In still further cases, a large generative model that has been trained using a wide range of training data from a variety of applications can be subsequently tuned to obtain a generative model that is adapted for specific types of games. For instance, a generative model could be trained on hundreds of games of various types, strategy, racing, fantasy, shooting, sports, etc. Then, that generative model could be further tuned using a specific subset of additional sports games to obtain a tuned generative sports model, tuned again on a specific subset of fantasy games to obtain a tuned generative fantasy model, etc. Then, seed outputs of example sports game scenarios could be input to the tuned generative sports model to implement various sports games, and seed outputs of example fantasy game scenarios could be input to the tuned generative fantasy model to implement various fantasy games.


In addition, user skill level, preferences, and other tendencies can vary widely. For instance, some users are very dedicated and skilled game players, whereas other users are novices. In addition, even two equally skilled game players may have very different tendencies, e.g., one might drive very aggressively and another might drive very carefully. By ensuring that the generative model sees sufficient training examples of varying user behaviors during training, the generative model can learn to generate input sequences that approximate those of a wider range of users.


Output Sampling


FIG. 11A shows a high-level conceptual block diagram of a probabilistic neural dreaming model 1100 comprising an encoder 1102, a decoder 1104 and a generative model 1106. The neural dreaming architecture described above may be used (in this case, the decoder 1104 and encoder 1102 are only applied to image tokens and images respectively, in the manner already described).

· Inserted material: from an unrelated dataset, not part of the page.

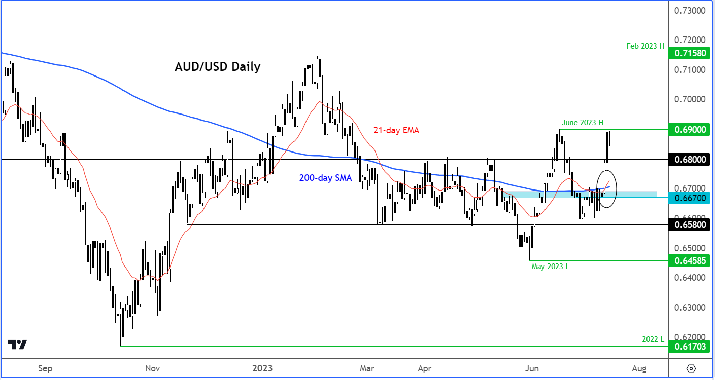 对于澳元/美元来说,关键支撑位现在位于0.6800附近,这里之前是一个关键点位。鉴于本周的突破,多头不希望看到汇率现在回到该点位以下。

The generative model 1106 is configured to receive a first input sequence 1100 of interleaved observations tokens and actions tokens. The first input sequence 1100 is shown to comprise tokens c0, . . . , ci. Given the first input sequence 1110, (c0, . . . , ci), the generative model 1106 computes a first joint probability distribution 1112 over a next part of the sequence p(ci+1, . . . , cj|c0, . . . , ci), from token position i+1 to token position j. The first input sequence input sequence 1100 can be any length in principle. For some generative architectures, this subject to a constraint that a total length of the input sequence and the output sequence concatenated (j+1 in this example) is within a context window of the generative model 1106.


In the depicted example, the input sequence 1110 represents m+1 images (image 0 to image m) and i+1 controller states (action 0 to action m) where m can be any number including zero (image t and action t constitute frame t). This means a first subsequence of tokens zo represent a first image (image 0), followed by a second subsequence of tokens a0 representing a first controller state (action 0), which together make up frame 0, and so on until frame m. However, in general, the first input sequence 1110 can terminate at any point; it may terminate with a complete or partial tokenized image, or with a complete or partial tokenized controller state. The generative model 116 probabilistically predicts the next part of the sequence commencing with the token position (i+1) immediately after the final token position (i) in the input sequence 1110. Hence, predicted token ci+1 may be the first token of a new image (if the final token ci in the input sequence is the final token of a controller state), the next token of a partially existing image (if token ci is partway through an image), the initial token of a new controller state (if token ci is the final token of an image), or the next token of a partially existing controller state (if token ci partway through a controller state).


A sampling component 1108 enables one or multiple output sequences 1114 to be sampled from the joint distribution 1112. Multiple output sequences 1114 may be generated from the same input sequence 1110 though multiple sampling.


An output sequence (or part of an output sequence) may then be used to generate a second input sequence to the generative model 1108. By way of example, FIG. 1A shows a sequence 1116 which has been sampled from the joint distribution 1112, and which in turn becomes a second input sequence inputted to the generative model 1108, resulting in a second joint distribution 1118, (cj+1, . . . , ck|ci+1, . . . , cj) over subsequent token positions j+1, . . . , k. In some cases, the second input sequence could additionally include all or part of the first input sequence 1110 concatenated with sequence 1116 (subject to any context window restriction).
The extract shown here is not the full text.